Knockout - We used Knockout on other projects throughout 2011, but with Node's inherent ability to supply real-time data its really coming to its own. It's a Javascript library implementing the MVVM (Model-View-View Model) pattern, which should be familiar to Silverlight developers, and makes rich UIs a breeze to update. The new 2.0 version, released during the Christmas break, removes the reliance on jQuery for its default templating which really opens up its flexibility.

Underscore - Described a 'utility-belt library' for Javascript, Underscore is another tool that is compimentary to the likes of jQuery and adds a whole raft of functional programming methods to objects and arrays (among other things). It also runs as a Node module so we can make use of it on both client and server, great for code consistency.

Ender - In fact with Knockout and Underscore at work, it was beginning to feel like jQuery had been relegated to just a "ready" utility, DOM selection and effects. That's a lot of weight for something we weren't using very much so as an alternative we're trying out Ender, which allows you to compile your own library from smaller modules - such as the lightweight DOM selector Qwery. And it all installs and builds in a similar approach to NPM.

LESS - A CSS pre-compiler, and another tool we used during 2011, but as a native Node module its integration is now much easier. If you're developing in a Node environment you can use it to watch for LESS file changes and compile locally (we also use on OS X), and then deploy the LESS and have the server startup create a complled and minifed version in production. Alongside Jade and Coffeescript its beginning to feel like compilation from more efficient syntaxes down to browser-readable files is becoming a key element to web development.

The whole picture

As well as this Javascript-oriented development we've also been trying out MongoDB and Redis for data storage as part of the stack, with equally encouraging results. And to make project compatibilty and pair programming between our Windows, Mac and Ubuntu users easier we've given JetBrains' Webstorm (and PHPStorm) IDE a thorough test drive - given it has all that familiar Reshaper goodness from their Visual Studio tools its looking like a great combination so far.

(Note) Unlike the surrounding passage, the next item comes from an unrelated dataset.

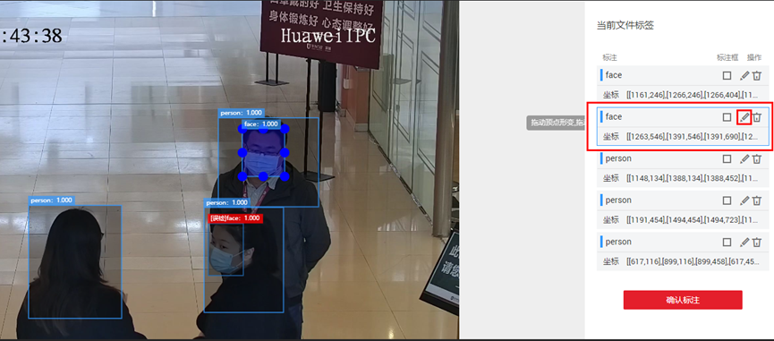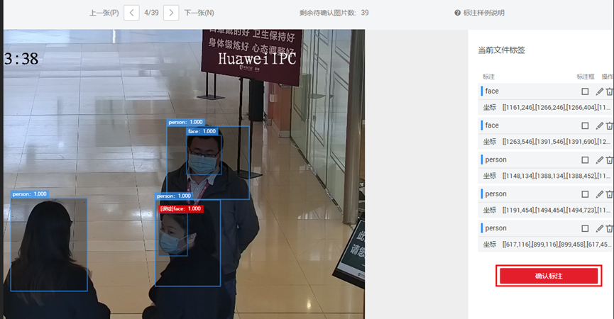 修正完标注信息后,就点击“确认标注”按钮,系统会将这张图片及其标注信息加入到已标注数据中。“确认标注”按钮如下所示: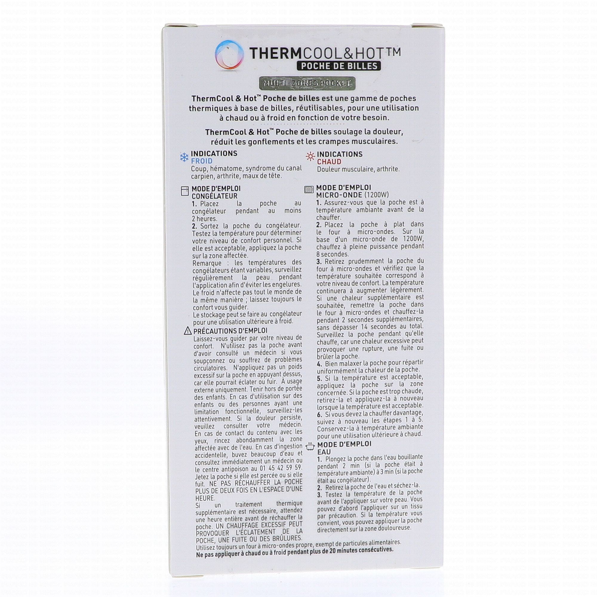Pour utiliser la ThermCool&Hot Poche de Billes Multizones Pocket, vous pouvez la chauffer au micro-ondes 8 secondes (1200W), malaxer pour répartir la chaleur et l'appliquer sur la zone douloureuse, en ajoutant 2 secondes si nécessaire sans dépasser 14 secondes. Pour l'utiliser froide, placez-la au congélateur au moins 2 heures, testez la température et appliquez-la en surveillant le confort. Vous pouvez aussi la chauffer au bain-marie 2 à 3 minutes selon sa température initiale, sécher, tester la chaleur et appliquer sur la zone concernée, en commençant par un tissu si besoin.

It might seem that, with all these Javascript-heavy technologies in HTML5 documents, older browers won't get a look in. As we're prototyping on this project perhaps its not important, but actually support is pretty good. Every view Node creates is sent as rendered HTML, just like any other web server, and in fact due to its speed we're finding that we can make sites less "AJAX-y" than we might otherwise - which of course is better overall for accessibility and discoverabilty. On the client side, Knockout is compatible back down to IE6 and even the 'magic' of Now is mobile compatible, with beta support for older IE versions. Of course we want to move away from those legacy browsers as much as any other developer, but if it's a client requirement this stack can still provide it.

So as a result of these experiences we're investigating using Node and its related technologies more widely at Red Badger during 2012, its already looking like its going to be an exciting year!